А Мюнхен обладал самым чистым запахом, самым тонким и незабываемым, самым волнующим, самым неопределенным. То был почти неощутимый запах, неизменно пронизанный бодрящей легкостью альпийской энергии. Летом солнце светило жаркими лучами с сияющей голубизны неба. Чем жарче становилось, тем лучше Джордж себя чувствовал. Он вдыхал полной грудью горячий воздух и солнечный свет. Казалось, пил огромными глотками солнечную энергию. Был исполнен легкости, радости и жизненной силы – как это было непохоже на духоту и апатию, маету, дышащее зноем небо и накрывающие город нечистые, миазматические испарения нью-йоркской жары.
Джордж всегда знал, что Альпы неподалеку. Ощущал их на юге, в часе пути, ощущал сияющее великолепие этих призрачных гор.
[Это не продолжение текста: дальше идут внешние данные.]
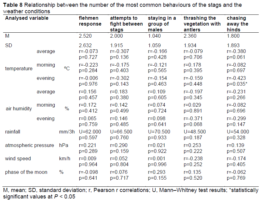 During the observation in the pre-rutting period, behaviours such as mating stag-doe, driving out the opponent, driving out hinds, chasing the hinds, detachment of velvet from the antlers with the help of vegetation, fighting against vegetation with antlers, flehmen response, urinating on the lower abdomen, being in a male group, stag fights, and a single roar or few roars per event were recorded (Table 1). The most frequently repeated behaviour was a single roar or few roars per event (55.5%). Flehmen response (11.3%), thrashing the vegetation with antlers (11.2%), and stag fights (9.3%) were quite frequently repeated as well. The rare types of behaviour included urinating on the lower abdomen (2%), taking a hind from another stag's group (4%), mating stag-doe (which was recorded on the last day of the observations) (0.3%), and driving out younger males (0.2%) (Table 1). The hinds were not chased until the beginning of September, and this behaviour was observed more frequently as the rut approached. Except for vocalizations, these behaviours were shown by the stags more often in the morning than in the evening. The relationship between the most common behaviours and weather conditions was assessed. It was shown that flehmen response, attempted fights, staying in a group, thrashing the vegetation, or chasing of the hinds by the stags did not depend on the weather conditions. Only the chasing of the hinds was negatively correlated with the mean evening temperature (P <0.05) (Table 8).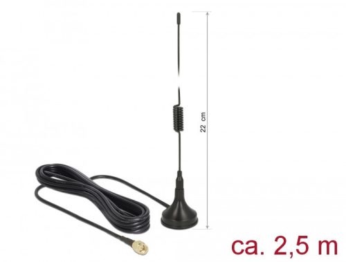 Delock LTE antenna SMA-dugó 2 dBi irányítatlan, rögzített, csatlakozókábellel RG-174 2,5 m, kültéri (89613)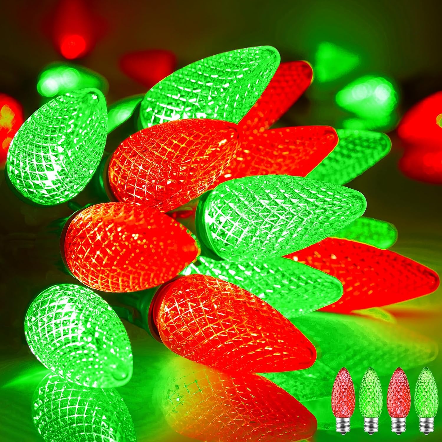 Minetom C9 Christmas String Lights, 100 Ft LED Commercial Outdoor Christmas Lights with 100 Red and Green C9 Bulbs, Waterproof Connectable UL Certified for Indoor Roofline Backyard Xmas Decor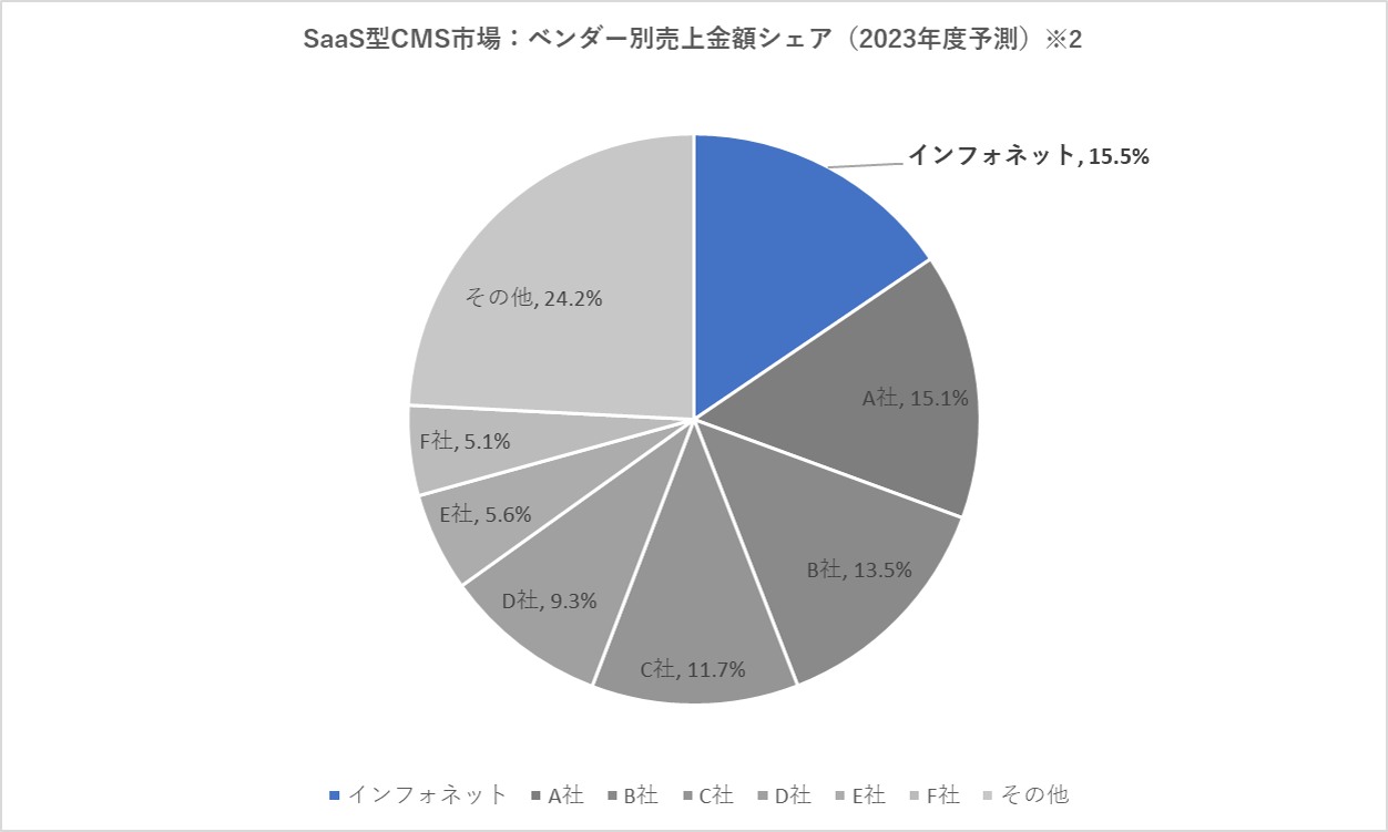 オールインワン商用コンテンツ管理システム「infoCMS」を提供する株式会社インフォネット(本社:東京都千代田区、代表取締役社長執行役員 日下部拓也、証券コード:4444、以下「当社」)は、株式会社アイ・ティ・アール(以下、ITR)が発行した市場調査レポート『ITR Market View:ECサイト構築/CMS/SMS送信サービス/電子請求書サービス/電子契約サービス市場2023』の「SaaS型CMS市場のベンダー別売上金額推移およびシェア」において8年連続No.1※1を獲得しました。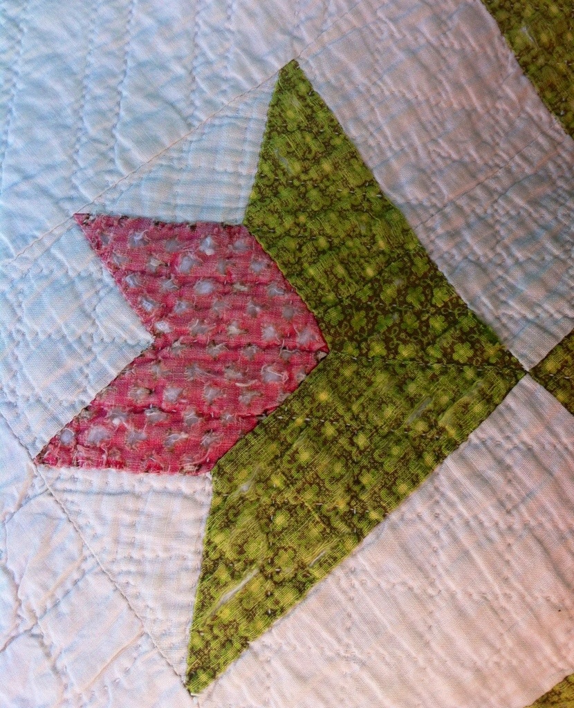 Hello!! Did you know the “dropout” on the faded red part of your antique quilt helps date it? It’s probably from before 1870!! I have one that has the dropout and a friend brought me an article about it. The dyes they used before a certain date caused that.

Он не видел их, но вдыхал вместе с воздухом, чувствовал их запах, запах чистого, благородного эфира альпийской энергии.
Наступил и окончился август. Что-то ушло из дней, что-то исчезало с солнца. По ночам появлялись резкое дыхание осени, ощущение чего-то быстро убывающего, пока что смутное, днем солнце еще горело, но что-то уходило, исчезало, вызывая в душе какую-то зловещую печаль. Очаровательное лето уходило на юг, в Италию.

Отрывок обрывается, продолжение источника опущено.